Aotearoa est le nom Maori de la Nouvelle-Zélande. Il signifie « le long nuage blanc ». La légende veut que ce nom ait été attribué par Kuramarotini, l'épouse de Kupe, le premier découvreur de ces îles. Aujourd'hui, l'expression « Nouvelle-Zélande Aotearoa » est utilisée parfois pour désigner le voisin de l'Australie. Une manière de rappeler la présence du peuple Maori. Riche de six cent ans d'histoire, certains aspect de la culture maori sont appelés des taonga, c'est-à-dire des trésors.

 

Le ta moko était une pratique très douloureuse, qui versait beaucoup de sang.

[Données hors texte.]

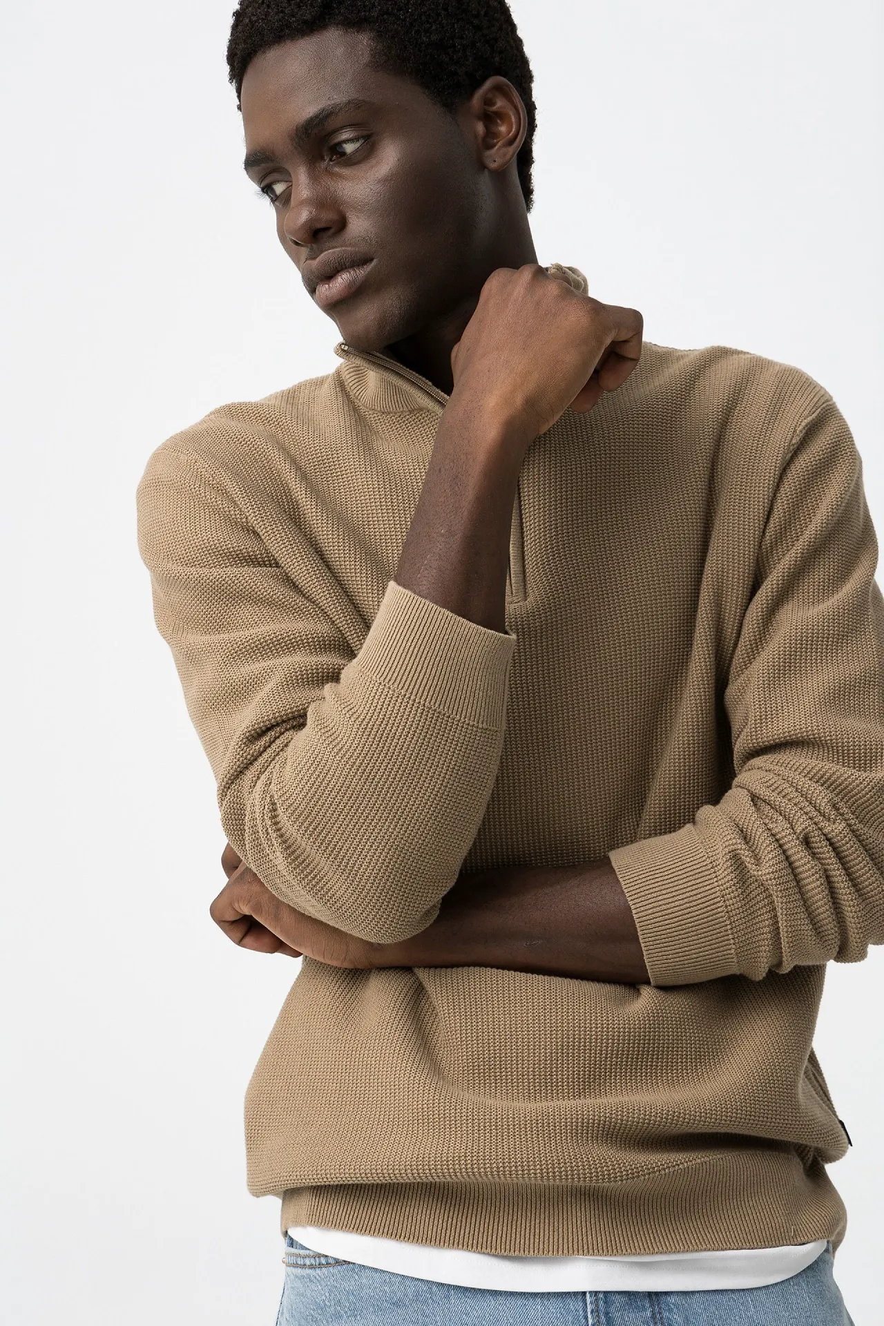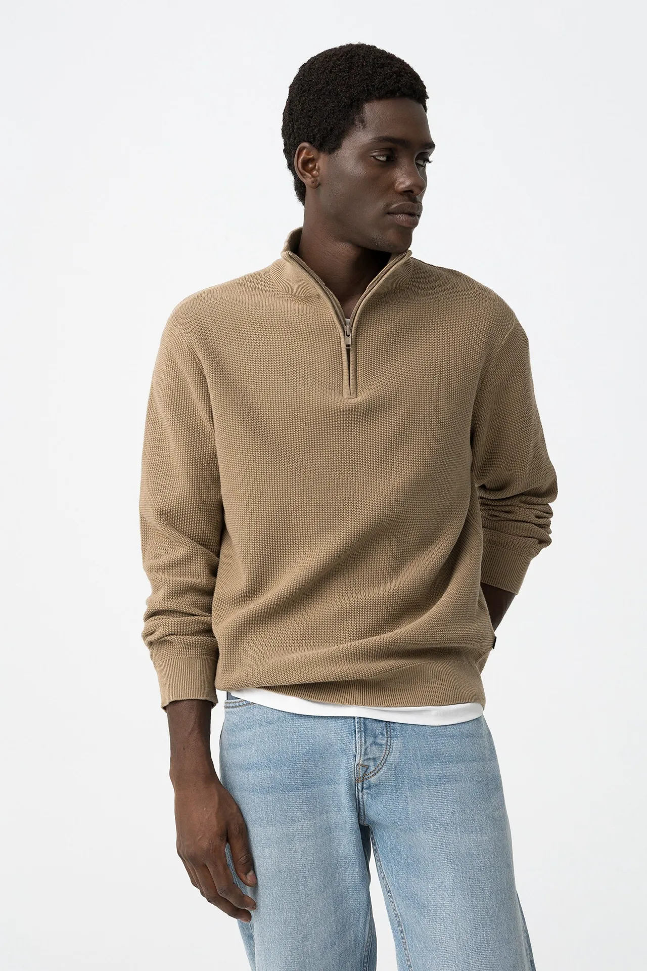 Jersey media cremallera beige para hombre

D'abord, un peu d'histoire
Les premiers Maori auraient accosté les côtes de la Nouvelle-Zélande Aotearoa XIIe – XIVe siècle. Quelques centaines d'années plus tard, au XVIIe - XVIIIe siècle, les Européens abordèrent eux-aussi les terres néo-zélandaises. Après des échanges tumultueux entre Occidentaux et Maori au début de la colonisation, la situation se calma avec la déclaration d'indépendance en 1835.
Cinq ans plus tard, le traité de Waitangi fut signé entre colons et autochtones. Rédigé en anglais et en maori, cet accord proclamait la souveraineté britannique tout en laissant le contrôle des ressources (forêts, eaux, etc.) aux autochtones. Les différences entre les deux versions furent la source de nombreux problèmes entre Maori et Pakeha, Néo-Zélandais d'origine européenne.


Les parents des dieux, de la rosée et de la brume
La mythologie maori explique que le couple originel, Rangi (Père Ciel) et Papa-tuanuku (Mère Terre) donna naissance à six fils. Six dieux qui avaient chacun un domaine de compétence. Rongo est le dieu des plantes cultivées, Tangaroa, celui des poissons et des reptiles, Tu, celui de la destruction, Tane, celui des forêts. Le domaine d'influence des deux derniers, Haumia et Tawhiri, est plus restreint.  Les progénitures divines durent mettre fin à l'étreinte de leurs parents pour laisser jaillir la lumière et le monde des humains.
La légende veut que Rangi et Papa-tuanuku ne se remettent jamais de cette séparation forcée. Père Ciel soupire en pensant à cette étreinte passionnée (c'est la brume) et Mère Terre pleure quand lui revient ce souvenir (c'est la rosée).

Des taonga nés des dieux
Rangi et Papa auraient fait don de la musique aux hommes. La mélodie provient de Père Ciel et le rythme de Mère Terre, de ses battements de cœur. La musique accompagne les cérémonie rituelle ainsi que les mariages et les enterrements. Bois, os de baleine, coquillage et même pierre servaient à la fabrication des instruments.
L'art de la sculpture ne s'arrête pas aux instruments de musique. Pirogues, talismans, maisons et même la peau avec le tatouage sont toujours richement décorés. Les dessins font souvent référence au couple originel et à leurs enfants. Par exemple, les spirales rappellent la séparation de Rangi et Papa et donc le jaillissement de la lumière.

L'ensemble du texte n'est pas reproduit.